O BC identificou que os dirigentes dessas cooperativas, por exemplo, têm dificuldades para avaliar o risco na concessão de crédito, em estabelecer limites de empréstimo e em cobrar dívidas. Além disso, elas não têm funcionários treinados. Muitas vezes o cooperado não sabe sequer que tem de arcar com prejuízos, pois, pela lei do cooperativismo, os sócios dividem os lucros e as perdas.
Manoel Messias, presidente da Cecresp (Central das Cooperativas de Crédito do Estado de São Paulo), que reúne 200 cooperativas no Estado, admite a precariedade na administração das cooperativas de crédito. "O problema é que quem senta na cadeira de um administrador de uma cooperativa são médicos, engenheiros, metalúrgicos, advogados, muitas vezes amadores em gestão. Por isso, eles não são tão prudentes no cumprimento das regras. O levantamento do BC reflete a realidade, mas a maioria das cooperativas não está nessa situação."

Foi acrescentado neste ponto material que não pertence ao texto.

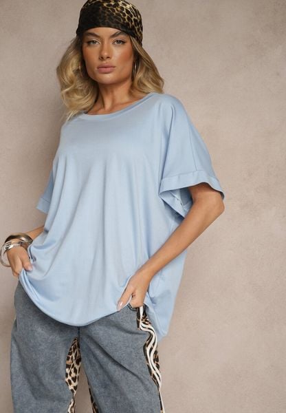 Niebieski T-shirt z Wiskozą o Fasonie Nietoperza Tanalitha
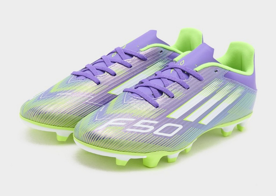 Tige synthétique Fiberskin avec imprimé Sprintgrid, semelle extérieure multi-surfaces en caoutchouc, fermeture à lacets, doublure textile, coloris violet. Adaptée aux terrains souples et gazon synthétique.
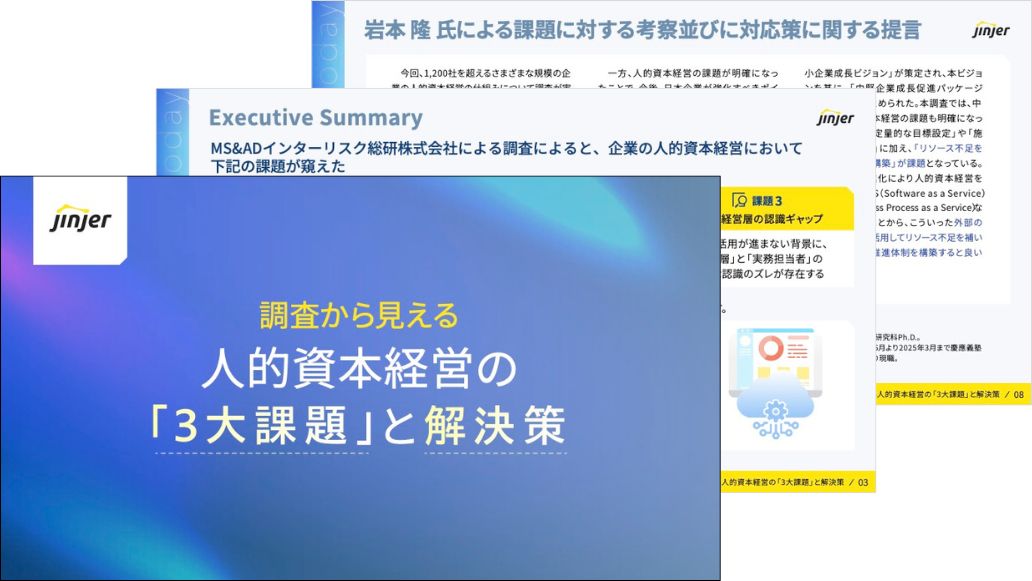 そこで今回、アンケート調査から見えてきた「人的資本経営の課題とその解決策」をまとめた資料を無料配布しています。
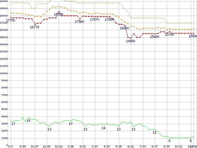 | WD740GD (74.3GB)の価格推移 | | | (2005年9月1日~2006年11月16日) |
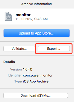 Archive 成功之后,就可以在 Xcode 的 Organizer 中看到相应的文件。然后点击 Organizer 中的 “Export” 按钮,如下图所示:
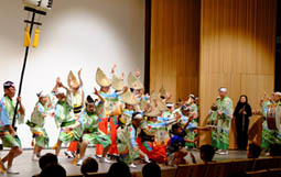 | | 終了後は、阿波踊り。フルート奏者の松村容子さんが「アジア初演から今年100年を迎える第九」を演奏し、このメロディーに合わせて踊りました。フィナーレの総踊りでは会場全体がぞめきのリズムで踊り出し、会場は徳島一色に包まれました。

Para Alcenor Pagnussatt, coordenador da área de cooperativas de crédito da OCB (Organização das Cooperativas Brasileiras), se só 5% do total de cooperativas de crédito do país estão com patrimônio negativo, isso mostra que o setor vai bem. "Os bons exemplos prevalecem nos números." Ele também preside a Confederação Interestadual das Cooperativas ligadas ao Sicred (Sistema de Crédito Cooperativo), entidade que reúne 130 cooperativas de crédito, com 460 mil cooperados em cinco Estados.

Fechamento
As dificuldades financeiras das cooperativas de crédito são constatadas nos números de liquidações registrados pelo BC. No ano passado, 23 instituições foram liquidadas, quase o dobro de 2001, quando 12 foram extintas. Essas liquidações ocorreram após intervenção do BC em comum acordo com essas instituições.
Outras duas cooperativas de crédito fecharam, em 2001 -essas por determinação do BC. A Creditel (Cooperativa de Crédito dos Empregados de Empresas de Telecomunicações) e a Coopetfes (Cooperativa de Crédito dos Servidores das Escolas Técnicas Federais do Espírito Santo), ambas do Estado do Espírito Santo.
A Coopetfes recebeu irregularmente R$ 9 milhões do governo do Estado do Espírito Santo. De acordo com as normas do BC, as cooperativas só podem receber recursos de seus associados. Também concedeu empréstimo irregular de R$ 19,6 milhões em 1998 para o colaborador da campanha do governador do Espírito Santo. A Creditel foi liquidada pelo BC porque emprestou à Coopetfes R$ 5,7 milhões -além de não poder emprestar dinheiro para outra cooperativa, não poderia emprestar mais do que R$ 80 mil para um único cliente. O caso foi revelado durante a CPI da Propina.